Data under study -
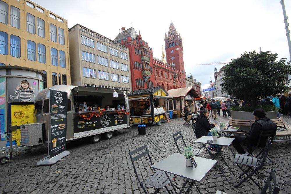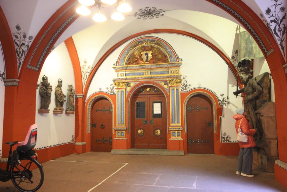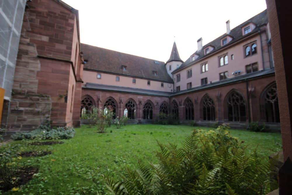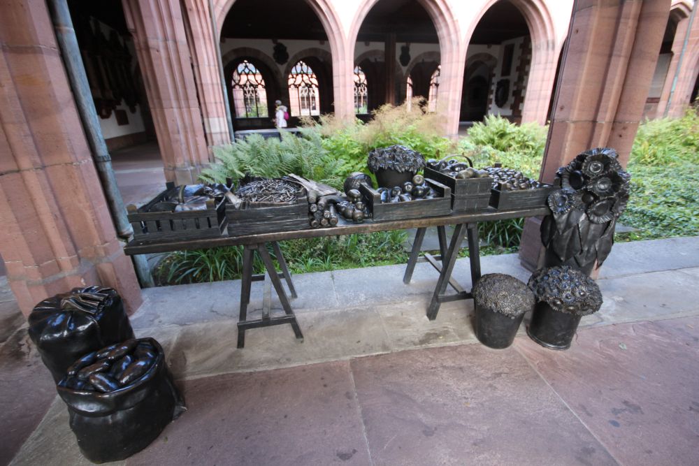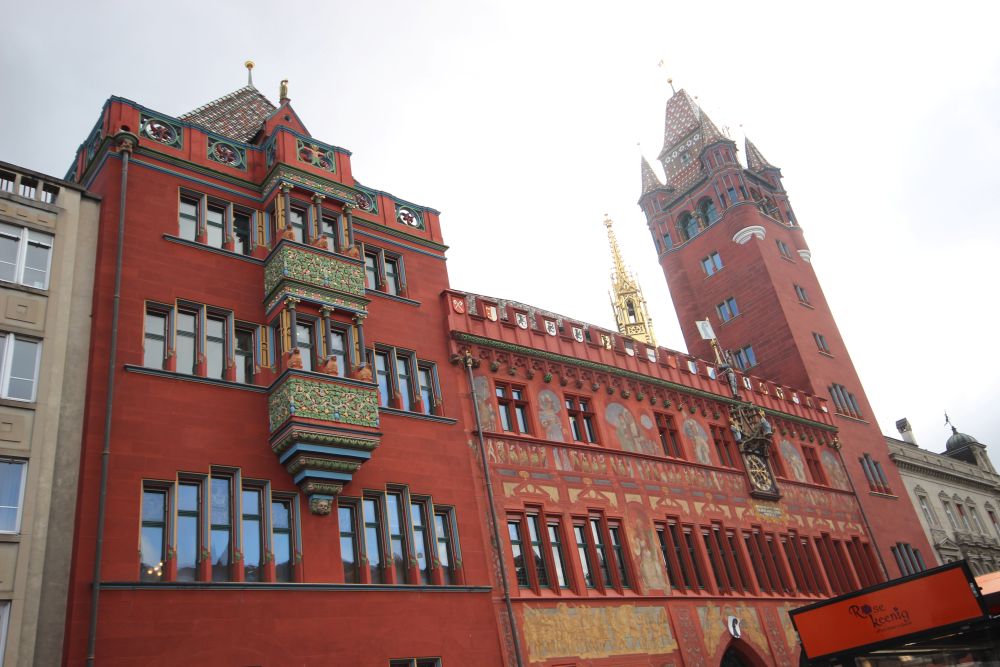 Vendredi 24 octobre : nous stationnons les camping-cars à Village-Neuf et prenons un bus qui nous emmène à Bâle et nous dépose à la Schifflände qui était le port des pêcheurs sur le Rhin. Nous allons à pied à la place du marché et visitons la cour de la mairie puis nous allons vers la mittlere Brücke (le pont du milieu) voir le Rhin et ensuite nous montons vers la cathédrale que nous visitons intérieur/extérieur.
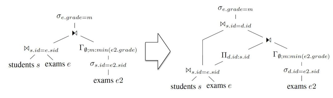 下面是对 Query 2 应用规则 (3) 的例子。之后再应用规则 (1),就完成了去关联化过程。
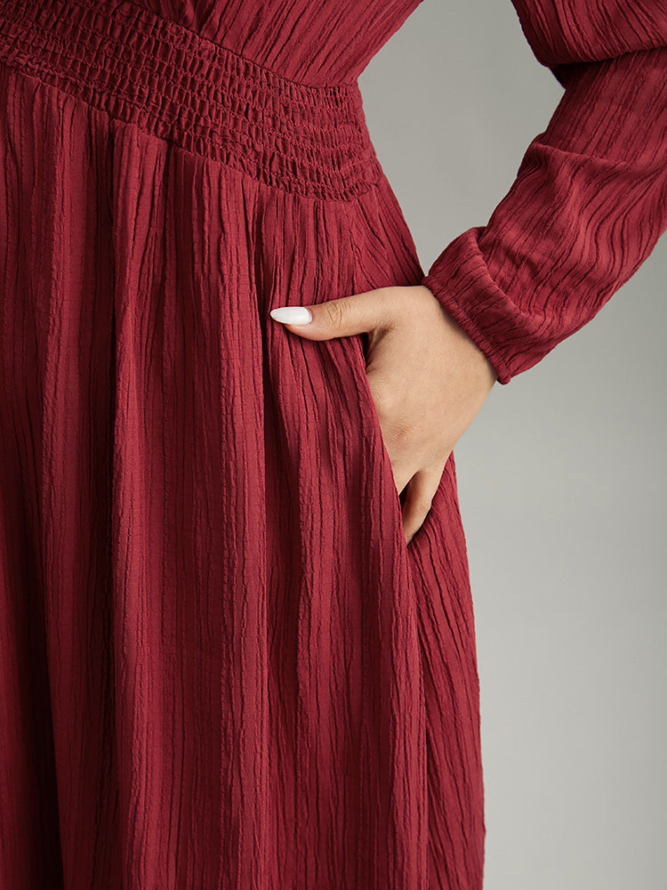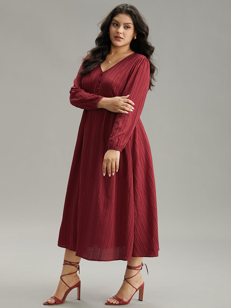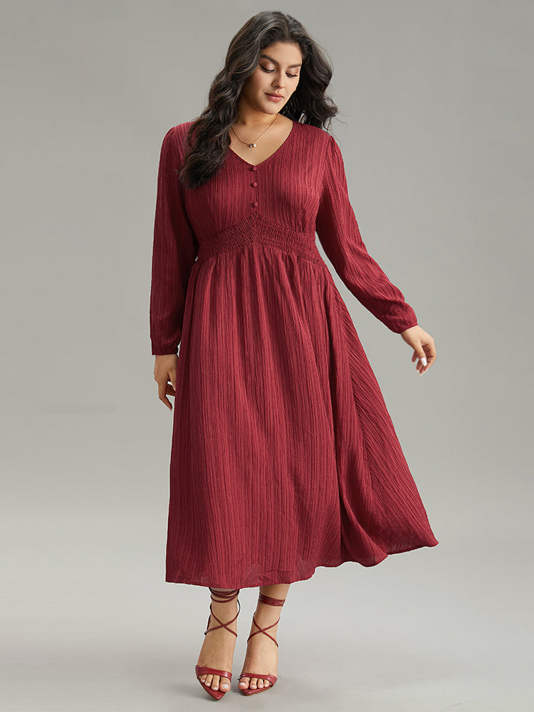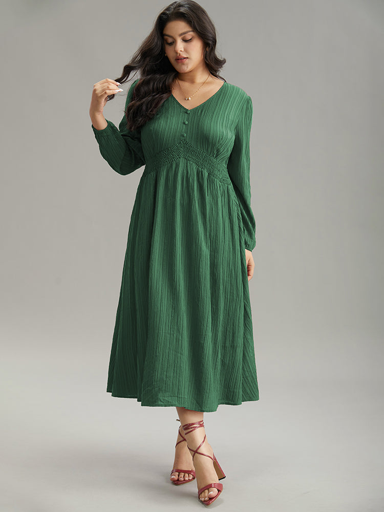 Solid Plisse Button Detail Shirred Dress
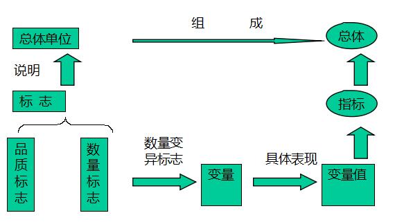 · 指标:反映总体现象数量特征的概念。
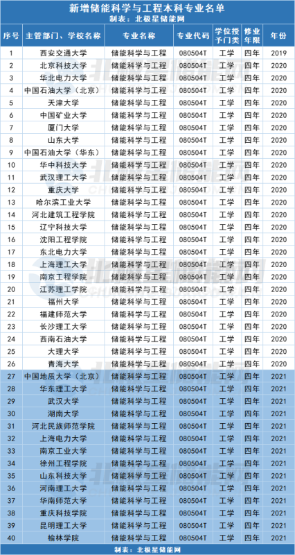 2020年1月,教育部、國家發(fā)展改革委、國家能源局聯(lián)合發(fā)布了《儲能技術專業(yè)學科發(fā)展行動計劃(2020—2024年)》,計劃經(jīng)過5年左右努力,增設若干儲能技術本科專業(yè)、二級學科和交叉學科,完善儲能技術人才培養(yǎng)專業(yè)學科體系,在京津冀、東北、長江經(jīng)濟帶、長三角、西北等地區(qū)布局建設儲能技術、儲能材料、儲能管理等新專業(yè)。隨后,教育部2019年度普通高等學校本科專業(yè)備案和審批中首次設立“儲能科學工程”新專業(yè)、專業(yè)代碼080504T(T代表特設專業(yè)),當年僅有西安交通大學增設了該專業(yè)。2021年3月1日,在2020年度本科專業(yè)備案和審批中,又有北京科技大學、華北電力大學、中國石油大學、華中科技大學、武漢理工大學、哈爾濱工業(yè)大學、東北電力大學、福建師范大學、長沙理工大學、青海大學等等共25所高校增設了“儲能科學與工程”專業(yè)。截至目前,設置儲能專業(yè)的院校共計達到40所!
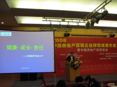 中國國際貿易促進委員會建設行業分會會長(原建設部國際合作司司長)龔滬生先生為此次華東發布會致開幕辭,高度評價2008中國房地產百強企業研究的意義。中國房地產TOP10研究組辦公室主任兼中國指數研究院常務副院長黃瑜女士發布“ 2008中國房地產百強企業 ”研究報告,沿海集團榮膺“2008中國房地產百強企業”。
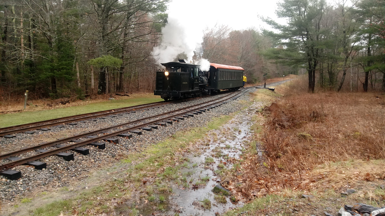 A damp morning to start (it rained heavily overnight). Looking from the Sheepscot platform, we see two steamers out on the main: No. 9 by the water tank and No. 3 by the north yard switch.
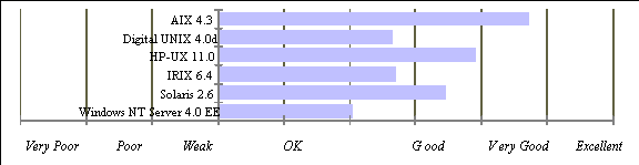 Lorsqu'on en vient à des fonctionnalités réseau un peu plus sophistiquées, il semble que les environnements UNIX commerciaux tiennent la dragée haute au NT Server 4.0 Enterprise Edition de Microsoft. Bien que ce ne soit pas essentiel pour les performances réseau, l'architecture 64 bits est bien implantée dans les environnements UNIX (à l'opposé de NT qui est un sytème 32 bits). D.H. Brown Associates Inc. font le rapport suivant des résultats de leurs analyses: (le paragraphe ci-dessous ainsi que les tableaux et les trois graphes sont extraits de leur page web dans le site de Digital Equipment Corporation, elle s'intitule
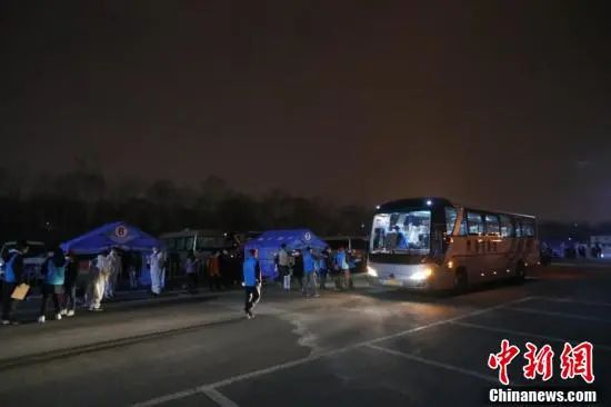運(yùn)送旅客的大巴車到達(dá)朝陽區(qū)轉(zhuǎn)運(yùn)中心,各街道和社區(qū)分別在不同的帳篷中接待離鄂返京人員。中新社記者 賈天勇 攝
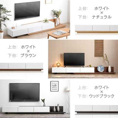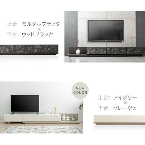 テレビ台 幅180cm-300cm 伸縮タイプ 国産 テレビボード テレビラック TV台 収納 【超大型】17100007〔上台:アイボリー×下台:グレージュ〕

Assignment -
Output, exactly and without pictures, the lines above that run from the one containing "Lorsqu'on en vient" through the last line of the entries, inclusive.

Solution for this task -
 Lorsqu'on en vient à des fonctionnalités réseau un peu plus sophistiquées, il semble que les environnements UNIX commerciaux tiennent la dragée haute au NT Server 4.0 Enterprise Edition de Microsoft. Bien que ce ne soit pas essentiel pour les performances réseau, l'architecture 64 bits est bien implantée dans les environnements UNIX (à l'opposé de NT qui est un sytème 32 bits). D.H. Brown Associates Inc. font le rapport suivant des résultats de leurs analyses: (le paragraphe ci-dessous ainsi que les tableaux et les trois graphes sont extraits de leur page web dans le site de Digital Equipment Corporation, elle s'intitule
運(yùn)送旅客的大巴車到達(dá)朝陽區(qū)轉(zhuǎn)運(yùn)中心,各街道和社區(qū)分別在不同的帳篷中接待離鄂返京人員。中新社記者 賈天勇 攝
 テレビ台 幅180cm-300cm 伸縮タイプ 国産 テレビボード テレビラック TV台 収納 【超大型】17100007〔上台:アイボリー×下台:グレージュ〕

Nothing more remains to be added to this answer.